As with many areas of life (marriage, finance, nutrition, fitness...) there seems to be a lack of common sense in pregnant women and those that surround them. I'm no parenting expert, but when it comes to the common sense arena, I've been blessed. Since no such manual exists, I took it upon myself to make some guidelines for those who might have lackluster street smarts. I still can't figure out why it's called 'common' sense when it seems so scarce!
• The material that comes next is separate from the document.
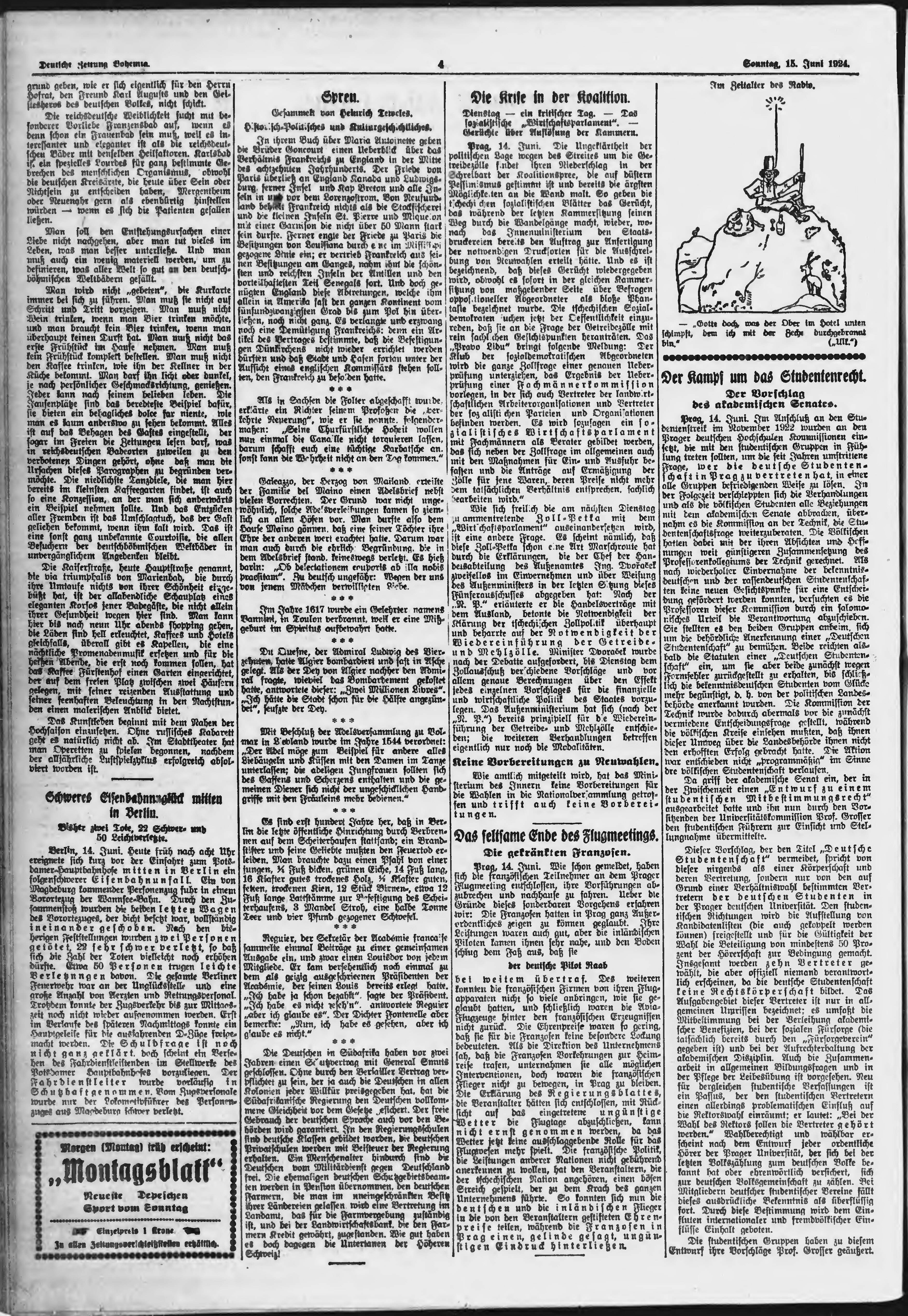* Datum vydání výtisku: 15.6.1924 Číslo výtisku: 140 Poznámky k výtisku: ranní vydání;

#1: The same rules of etiquette you use for the general population apply when addressing a pregnant woman. There is no way you would sit in front of the Great American Cookie Co. at the mall and yell out 'HEY LARD ASS' at the people buying their double doozies and butter cookies. Therefore, you don't need to inform me every time I look larger. Refrain from comments like 'you look bigger than you did two days ago' or I might respond 'you look uglier than you did two days ago'. If you can't say something nice, button it. I'm supposed to be getting bigger, smarty. There's a HUMAN in there. Why comment on the inevitable? No one yells 'HOLY SHIT' every morning when the sun rises.
#2: Pregnant women - don't be dumb. We all have 'oopsie' moments where we do something not-so-smart like picking up a heavy bag of dog food (guilty!) or wrestling down a poodle-hungry pit bull (um, yeah, that was me too), but these are things that we do instinctively or absent-mindedly... and we all make mistakes. The issue I'm addressing here are moms-to-be who TRY to achieve amazing physical feats while pregnant, then post about it on FaceBook hoping for kudos. I ran a marathon, finished in under 3 hours, and had my baby at mile 24! How about expectant mothers who shun carbs or count calories? SERIOUSLY? Ladies, there is a BABY in there. A BABY. Since you peed on the stick, it has been YOUR job ALONE to take care of him. You have the rest of your life to diet and set marathoning records. Can't it wait nine months? Don't be dumb.
#3: Have a little sympathy for pregnancy-related changes, like increased sense of smell or sleeplessness. I had an acute sense of smell pre-pregnancy, and now I could work part time as a drug-sniffing police dog. As a personal trainer, this new-found super power can be a little inconvenient. To make it even more complicated, I work at 5:45am, when some believe workouts can be 'hygiene-optional'. Please brush your teeth and use deodorant. And take Beano, where applicable. I can't explain how bad fart, funk, and garlic smell to me right now. 3 minutes of your life. That's all I'm asking for!
I used to have an amazing ability to sleep thru anything... until the achy-hip-no-lying-on-the-back-constant-baby-gymnastics thing kicked in. Oh yeah, and Jesse took up snoring, you know... just for fun. He, however, could teach folks a thing or two about hubby etiquette. He will send himself to the guest bedroom if he knows he's keeping me up, which keeps me from putting his pillow over his face! THAT is definitely a good thing.